■ **Activity**:
Starting with the line that contains "Ivory, sleeveless, mikado", give again exactly and only each line through the end of the records; include the last line and exclude pictures.
___ Data excerpts
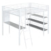 Full Size Loft Bed With 3 Layers Of Shelves And Desk, Stylish Frame Bed - White
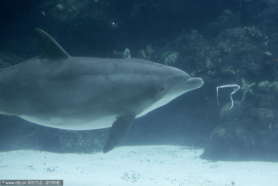 近日,美國奧蘭多海洋世界的一只寬吻海豚吹出“心形”氣泡,似乎要在情人節來臨前夕傳達濃濃愛意。圖片來源:CFP
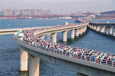 作为中国最美丽的马拉松之一,青岛海上马拉松以其别具一格的赛道和绝美的海景而闻名。在这里,来自世界各地的选手们将用他们的脚步丈量这片广阔的海域,见证着胶州湾大桥变“人桥”的盛况。创办于2017年的“海马”首秀便大获成功,并被中国田协评为“最美赛道特色赛事”。由于是全球少见的在跨海大桥上举办的马拉松赛事,特色鲜明、独树一帜的“海马”顺理成章地成为网红赛事。该项赛事在2018年荣获中国田径协会铜牌赛事,并在2019年荣获中国田径协会银牌赛事。作为国内唯一的海上马拉松赛事,独特的海景奔跑体验+各种海鲜补给,让青岛海上马拉松成为每年下半年不少跑友的跑马首选。
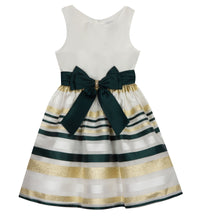 Ivory, sleeveless, mikado bodice to horizontal, multi colored, metallic striped organza skirt, featuring a hunter green satin bow and waistband. Back zip closer Fixed jeweled bow Self tie back tie Dress, Lining - 100% Polyester Hand Wash Imported
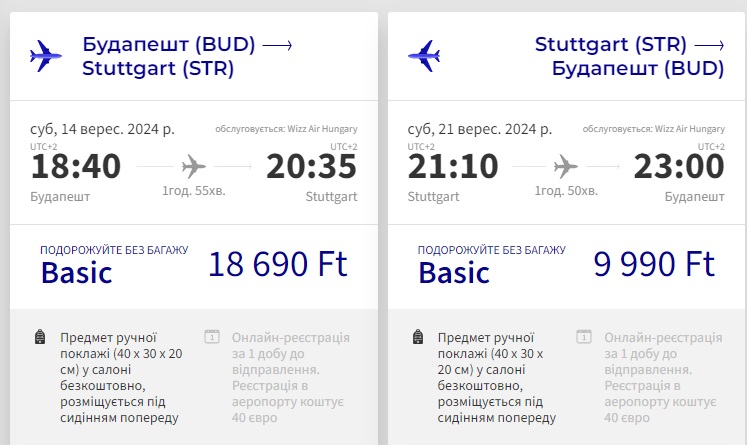 В ціні за даними тарифами — лише ручна поклажа (40 x 30 x 20 см), яка розміщується під сидінням попереду.
______
■ **Answer for this exercise**:
 Ivory, sleeveless, mikado bodice to horizontal, multi colored, metallic striped organza skirt, featuring a hunter green satin bow and waistband. Back zip closer Fixed jeweled bow Self tie back tie Dress, Lining - 100% Polyester Hand Wash Imported
 В ціні за даними тарифами — лише ручна поклажа (40 x 30 x 20 см), яка розміщується під сидінням попереду.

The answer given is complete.